Task statement
Every line below from the one with "Star Moon Necklace" through the one with "Накануне Нового года" is to be repeated exactly, with no picture among them.

The input
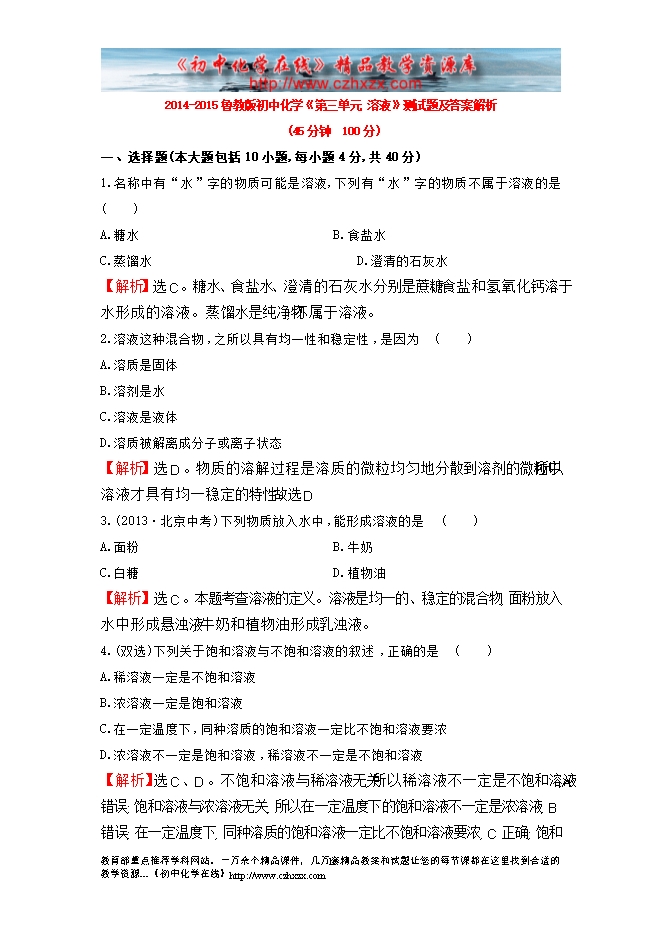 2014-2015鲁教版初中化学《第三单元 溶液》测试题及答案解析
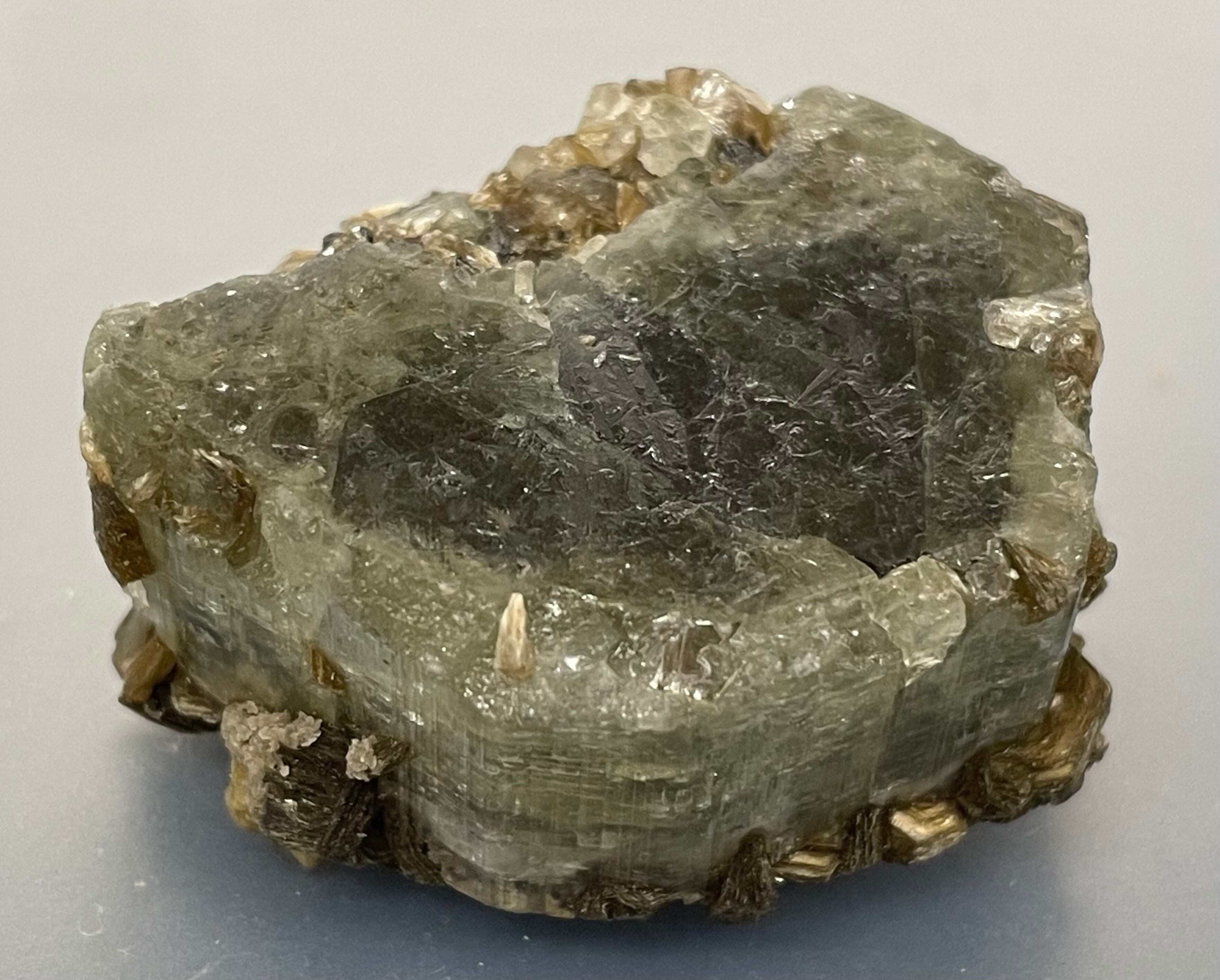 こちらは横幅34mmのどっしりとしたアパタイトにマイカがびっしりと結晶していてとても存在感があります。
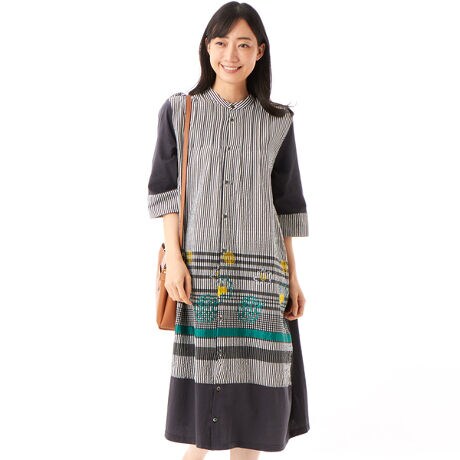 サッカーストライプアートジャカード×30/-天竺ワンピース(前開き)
...
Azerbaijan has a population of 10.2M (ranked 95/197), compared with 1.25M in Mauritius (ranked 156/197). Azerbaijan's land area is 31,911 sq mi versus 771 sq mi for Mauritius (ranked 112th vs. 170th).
...
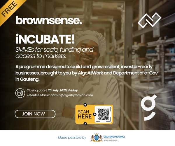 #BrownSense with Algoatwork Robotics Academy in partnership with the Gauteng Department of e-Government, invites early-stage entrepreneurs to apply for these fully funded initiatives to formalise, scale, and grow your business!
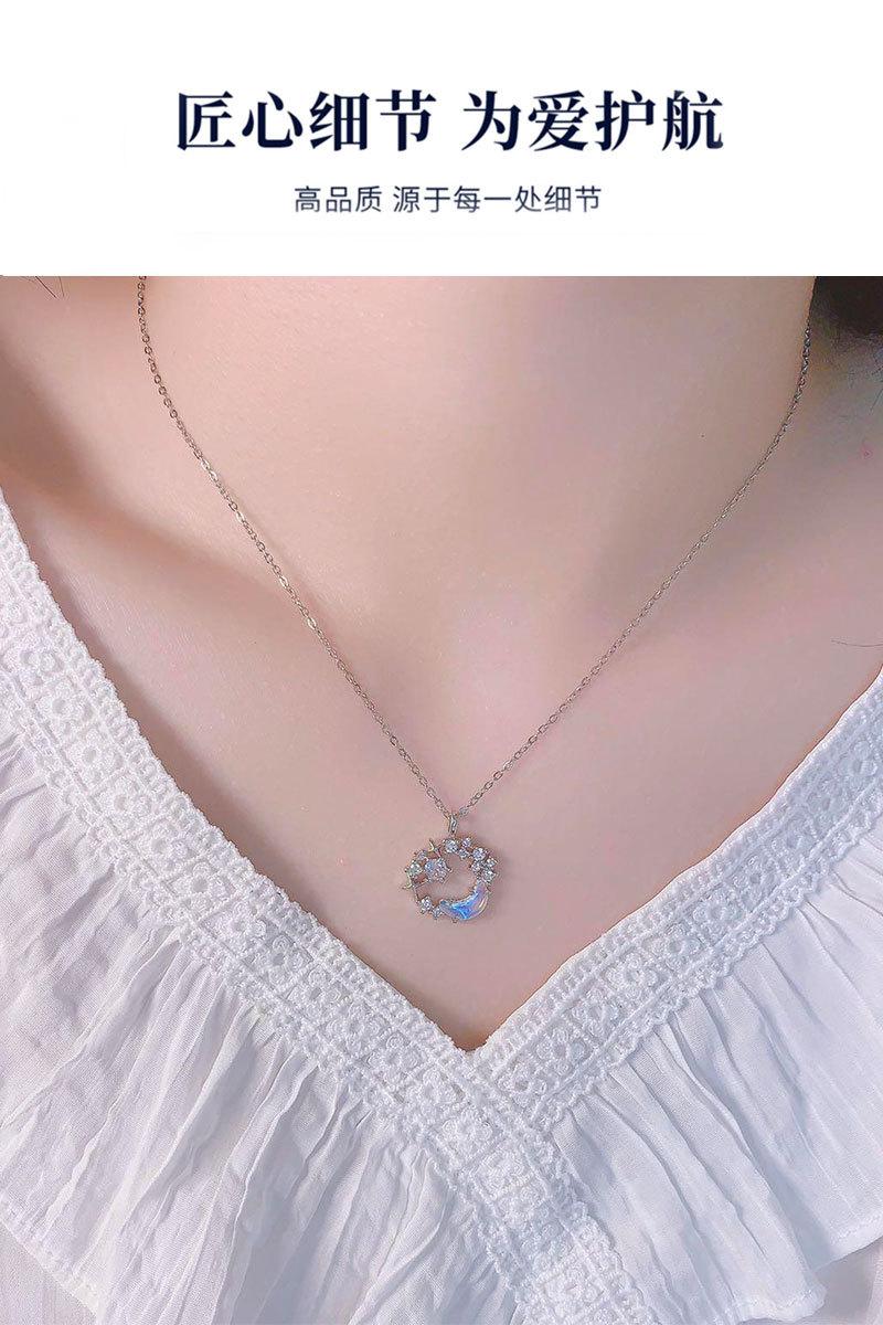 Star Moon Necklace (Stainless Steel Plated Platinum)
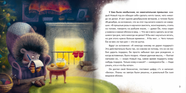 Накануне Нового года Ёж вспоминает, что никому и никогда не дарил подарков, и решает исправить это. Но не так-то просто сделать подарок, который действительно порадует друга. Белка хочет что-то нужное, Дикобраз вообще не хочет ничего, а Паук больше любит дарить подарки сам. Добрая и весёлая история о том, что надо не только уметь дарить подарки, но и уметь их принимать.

Expected output
 Star Moon Necklace (Stainless Steel Plated Platinum)
 Накануне Нового года Ёж вспоминает, что никому и никогда не дарил подарков, и решает исправить это. Но не так-то просто сделать подарок, который действительно порадует друга. Белка хочет что-то нужное, Дикобраз вообще не хочет ничего, а Паук больше любит дарить подарки сам. Добрая и весёлая история о том, что надо не только уметь дарить подарки, но и уметь их принимать.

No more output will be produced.